• **DATASET SECTION**:
-----
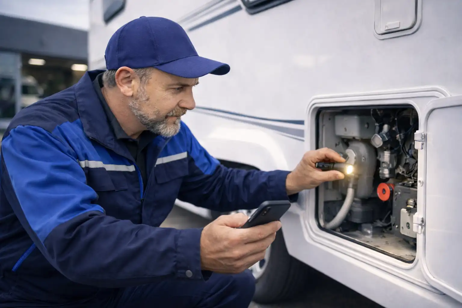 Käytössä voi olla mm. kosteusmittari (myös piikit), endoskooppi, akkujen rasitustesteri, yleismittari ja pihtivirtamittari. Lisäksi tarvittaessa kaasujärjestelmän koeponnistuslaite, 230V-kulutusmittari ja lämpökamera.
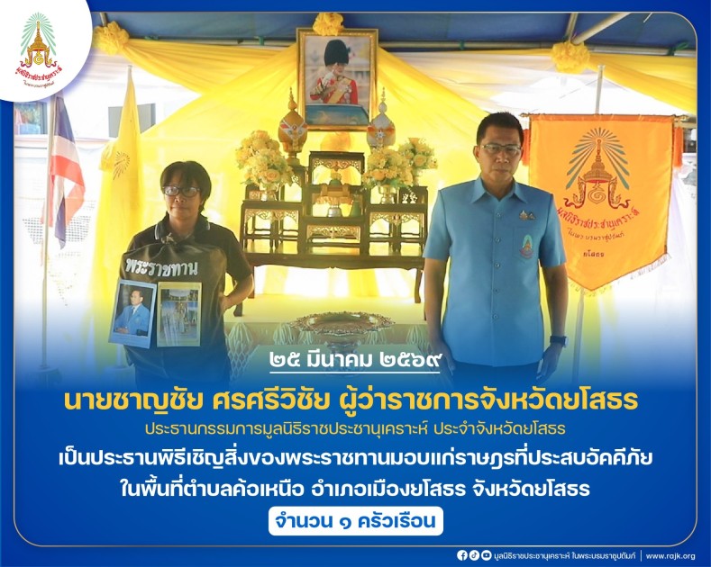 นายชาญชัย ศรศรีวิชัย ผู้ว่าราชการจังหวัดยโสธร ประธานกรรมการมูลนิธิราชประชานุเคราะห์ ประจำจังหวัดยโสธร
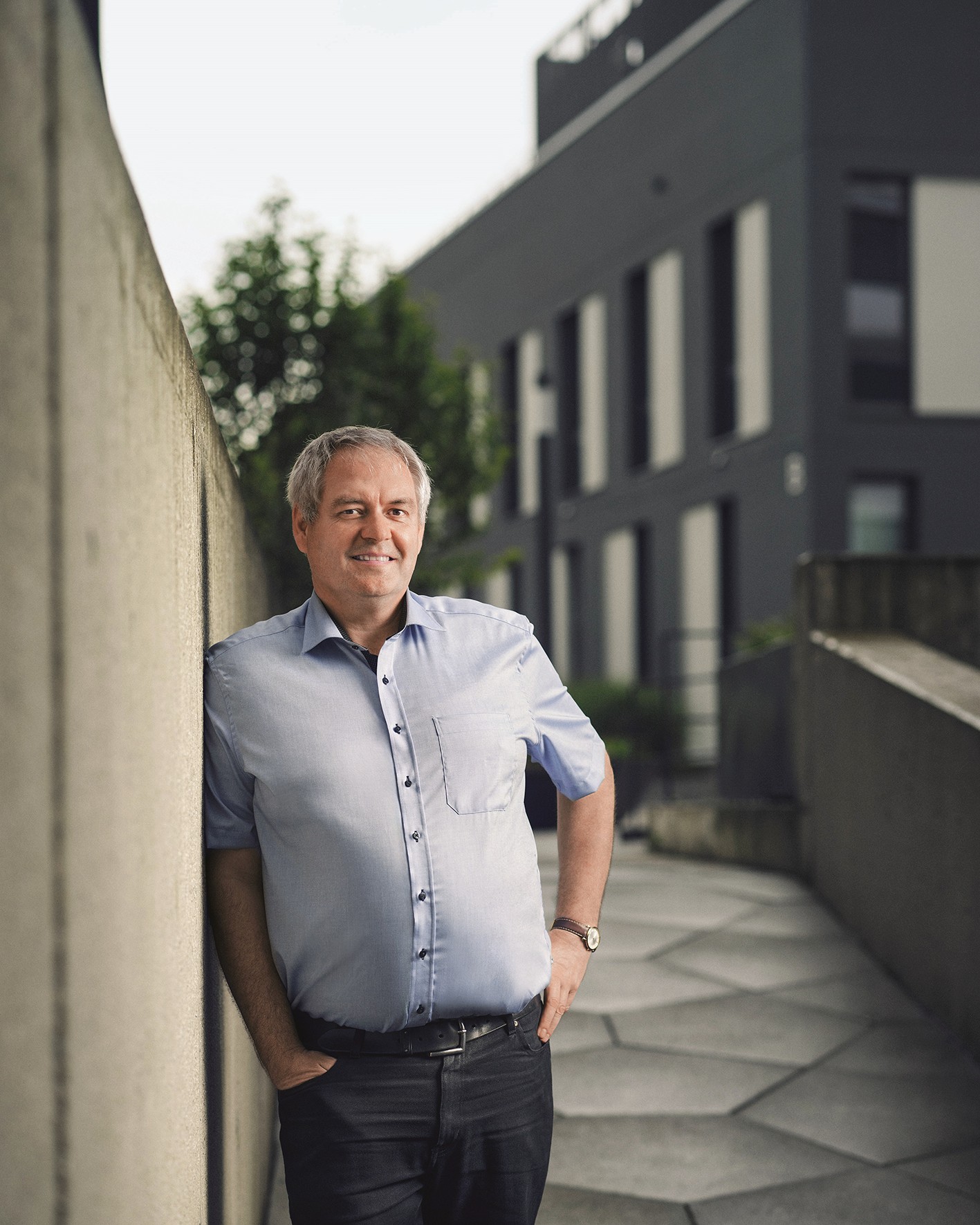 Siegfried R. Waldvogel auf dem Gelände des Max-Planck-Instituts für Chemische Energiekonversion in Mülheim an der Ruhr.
-----
• **ASSIGNED TASK**: An exact reproduction of the data is required, with pictures excluded.

• **RESULT FOR THIS TASK**:
 Käytössä voi olla mm. kosteusmittari (myös piikit), endoskooppi, akkujen rasitustesteri, yleismittari ja pihtivirtamittari. Lisäksi tarvittaessa kaasujärjestelmän koeponnistuslaite, 230V-kulutusmittari ja lämpökamera.
 นายชาญชัย ศรศรีวิชัย ผู้ว่าราชการจังหวัดยโสธร ประธานกรรมการมูลนิธิราชประชานุเคราะห์ ประจำจังหวัดยโสธร
 Siegfried R. Waldvogel auf dem Gelände des Max-Planck-Instituts für Chemische Energiekonversion in Mülheim an der Ruhr.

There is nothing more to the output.